=== Section Start ===

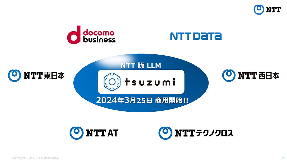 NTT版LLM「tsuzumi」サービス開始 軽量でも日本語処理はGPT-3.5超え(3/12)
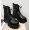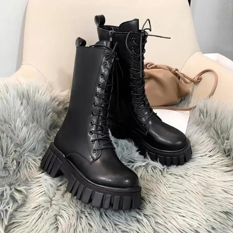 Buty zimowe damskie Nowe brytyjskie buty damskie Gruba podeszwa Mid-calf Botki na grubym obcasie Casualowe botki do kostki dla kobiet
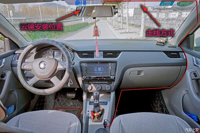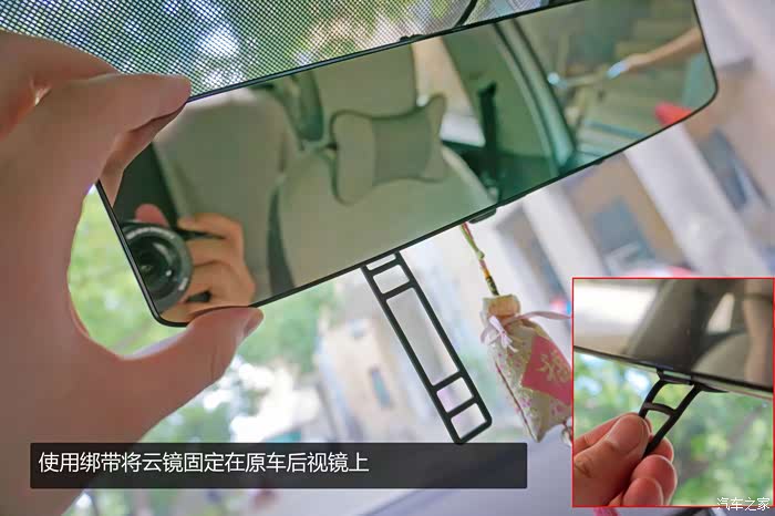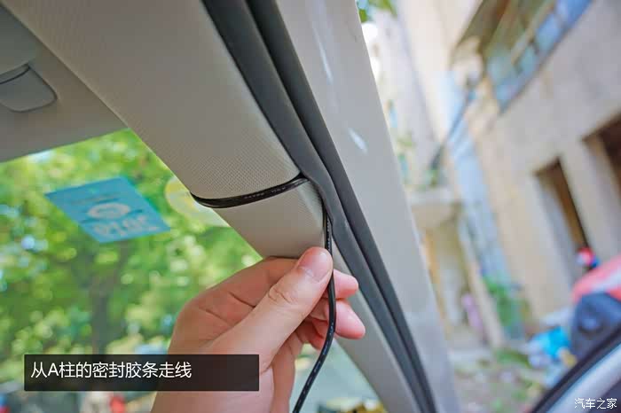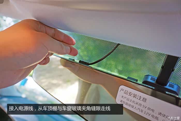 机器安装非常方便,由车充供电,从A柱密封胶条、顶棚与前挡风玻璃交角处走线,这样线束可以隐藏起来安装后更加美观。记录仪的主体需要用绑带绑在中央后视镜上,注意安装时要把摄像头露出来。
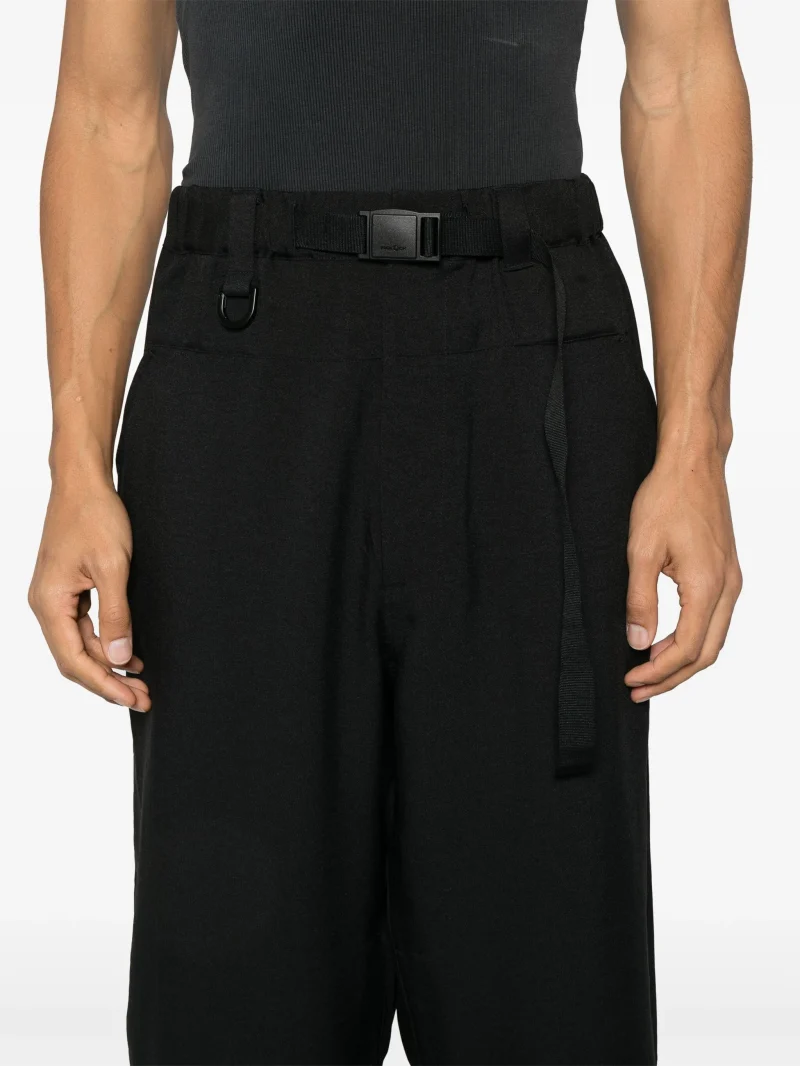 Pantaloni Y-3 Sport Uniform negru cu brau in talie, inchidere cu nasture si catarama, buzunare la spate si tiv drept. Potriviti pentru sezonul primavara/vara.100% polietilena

=== Section End ===
=== Section Start ===

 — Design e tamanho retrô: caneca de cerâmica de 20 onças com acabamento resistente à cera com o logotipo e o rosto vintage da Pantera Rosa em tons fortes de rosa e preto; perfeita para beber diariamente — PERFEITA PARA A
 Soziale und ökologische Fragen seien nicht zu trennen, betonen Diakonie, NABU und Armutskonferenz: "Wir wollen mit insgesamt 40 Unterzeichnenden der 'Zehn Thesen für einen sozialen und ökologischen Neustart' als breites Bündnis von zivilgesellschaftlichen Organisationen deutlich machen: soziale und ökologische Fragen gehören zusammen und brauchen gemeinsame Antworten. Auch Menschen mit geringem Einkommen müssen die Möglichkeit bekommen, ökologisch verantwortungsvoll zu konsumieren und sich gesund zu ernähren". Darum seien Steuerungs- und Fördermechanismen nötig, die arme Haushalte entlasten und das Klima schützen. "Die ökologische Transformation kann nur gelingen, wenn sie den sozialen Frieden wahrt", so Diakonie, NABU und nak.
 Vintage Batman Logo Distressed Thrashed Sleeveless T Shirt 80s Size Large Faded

=== Section End ===

Beginning with the line containing "PERFEITA PARA A" and ending with the line containing "Vintage Batman Logo", extract those lines exactly from the listing above, and only those.

 — Design e tamanho retrô: caneca de cerâmica de 20 onças com acabamento resistente à cera com o logotipo e o rosto vintage da Pantera Rosa em tons fortes de rosa e preto; perfeita para beber diariamente — PERFEITA PARA A
 Soziale und ökologische Fragen seien nicht zu trennen, betonen Diakonie, NABU und Armutskonferenz: "Wir wollen mit insgesamt 40 Unterzeichnenden der 'Zehn Thesen für einen sozialen und ökologischen Neustart' als breites Bündnis von zivilgesellschaftlichen Organisationen deutlich machen: soziale und ökologische Fragen gehören zusammen und brauchen gemeinsame Antworten. Auch Menschen mit geringem Einkommen müssen die Möglichkeit bekommen, ökologisch verantwortungsvoll zu konsumieren und sich gesund zu ernähren". Darum seien Steuerungs- und Fördermechanismen nötig, die arme Haushalte entlasten und das Klima schützen. "Die ökologische Transformation kann nur gelingen, wenn sie den sozialen Frieden wahrt", so Diakonie, NABU und nak.
 Vintage Batman Logo Distressed Thrashed Sleeveless T Shirt 80s Size Large Faded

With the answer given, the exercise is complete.